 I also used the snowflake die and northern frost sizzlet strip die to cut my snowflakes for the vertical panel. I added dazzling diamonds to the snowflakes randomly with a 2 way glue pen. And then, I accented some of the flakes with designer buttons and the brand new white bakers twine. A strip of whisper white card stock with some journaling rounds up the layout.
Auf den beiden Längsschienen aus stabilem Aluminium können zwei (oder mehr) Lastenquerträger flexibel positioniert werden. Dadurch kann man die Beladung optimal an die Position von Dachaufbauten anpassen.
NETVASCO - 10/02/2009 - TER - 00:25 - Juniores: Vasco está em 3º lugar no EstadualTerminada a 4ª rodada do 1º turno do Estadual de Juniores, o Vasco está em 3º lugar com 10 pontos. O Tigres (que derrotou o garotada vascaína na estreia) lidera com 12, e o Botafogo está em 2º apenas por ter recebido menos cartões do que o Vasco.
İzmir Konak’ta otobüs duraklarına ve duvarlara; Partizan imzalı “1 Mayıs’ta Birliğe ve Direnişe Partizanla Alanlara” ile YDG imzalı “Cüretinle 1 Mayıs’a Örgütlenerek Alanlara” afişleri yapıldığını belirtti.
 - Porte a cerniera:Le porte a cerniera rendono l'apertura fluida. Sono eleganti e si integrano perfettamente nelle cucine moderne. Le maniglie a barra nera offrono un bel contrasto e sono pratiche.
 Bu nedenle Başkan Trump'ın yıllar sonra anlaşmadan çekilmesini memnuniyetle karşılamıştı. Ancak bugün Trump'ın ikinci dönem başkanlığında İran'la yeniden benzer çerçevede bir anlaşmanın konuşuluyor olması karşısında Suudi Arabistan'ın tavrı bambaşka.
-=-=-=-=-
PROMPT » Reproduce exactly the lines from the one containing "- Porte a cerniera:Le" through the last line of the records above, including both, and nothing else.

PROBLEM SOLUTION »
 - Porte a cerniera:Le porte a cerniera rendono l'apertura fluida. Sono eleganti e si integrano perfettamente nelle cucine moderne. Le maniglie a barra nera offrono un bel contrasto e sono pratiche.
 Bu nedenle Başkan Trump'ın yıllar sonra anlaşmadan çekilmesini memnuniyetle karşılamıştı. Ancak bugün Trump'ın ikinci dönem başkanlığında İran'la yeniden benzer çerçevede bir anlaşmanın konuşuluyor olması karşısında Suudi Arabistan'ın tavrı bambaşka.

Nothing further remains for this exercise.